Gravitational lensing is tricky enough to measure, but how can we use it to track down the elusive ‘dark matter’ that constitutes the great bulk of the matter in the universe? Remarkably, researchers at Johns Hopkins, working with the Space Telescope Science Institute, think they have found a way. Using the Hubble telescope, they’ve measured how gravity from unseen dark matter creates small distortions in the shapes of galaxies as seen from Earth. Their work has focused on two galactic clusters in the southern sky roughly 7 billion light years away; each contains more than 400 galaxies.

That dark matter is a mystery needs no elaboration here, as it’s always been a reminder that our knowledge of the universe is limited to a small subset of the things we can see and understand. Indeed, dark matter is only part of the story. Some 70 percent of the entire universe is now thought to be ‘dark energy,’ an even more mysterious ingredient that plays a role in the expansion of the cosmos. With another 25 percent of all things being tied up in dark matter, that leaves the normal, visible matter we take for granted in things like water, trees, stars and galaxies as merely five percent of everything that is out there.

Dark matter is thus a confounding challenge to our everyday perceptions, but one slowly yielding to analysis. The current dark matter work proceeds on a key assumption: that visible matter and dark matter should coalesce at the same places because gravity pulls them together. In other words, concentrated dark matter should attract visible matter, and thus have a role in the formation of stars and galaxies themselves. The team’s work has resulted in computer-simulated images showing the location of dark matter in relation to the galactic clusters under study.

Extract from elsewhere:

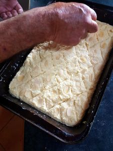 Press mixture evenly into the prepared tin. Using a sharp knife, cut into a diamond pattern and top with the almonds (in centre of each diamond).
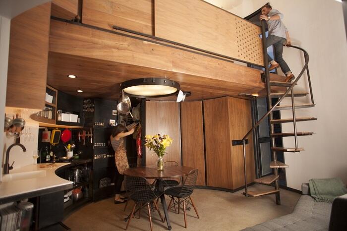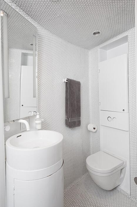 Практично спроектированный интерьер. Площадь Silo House составляет всего 31 кв. метр. Несмотря на такой скромный размер, хозяину удалось расположить все предметы интерьера компактно и практично. Кухня, душ и шкафы для вещей расположены по окружности. Винтовая лестница ведет в уютный спальный лофт, где достаточно места для большой двухспальной кровати.

One finding is that dark matter clumps around the cluster galaxies, which implies that dark matter particles do not collide and scatter, but actually pass through each other. From a Johns Hopkins news release, quoting Myungkook James Jee, an assistant research scientist at Hopkins’ Krieger School of Arts and Sciences:

“Collision-less particles do not bombard one another, the way two hydrogen atoms do. If dark matter particles were collisional, we would observe a much smoother distribution of dark matter, without any small-scale clumpy structures,” Jee said.

Jee goes on to say “The images we took show clearly that the cluster galaxies are located at the densest regions of the dark matter haloes, which are rendered in purple in our images,” an observation that supports the association of dark and visible matter. In such ways do we learn how to study a form of matter that emits no light, and whose composition and effects may have much to say about how the visible universe around us formed.

The team’s findings appear as Jee, White, Ford et al., “Hubble Space Telescope Advanced Camera for Surveys Weak-Lensing and Chandra X-Ray Studies of the High-Redshift Cluster MS 1054-0321,” Astrophysical Journal 634 (December 1, 2005). An abstract is available here. 12/14 update: Cosmic Variance has been carrying on an interesting discussion on these findings.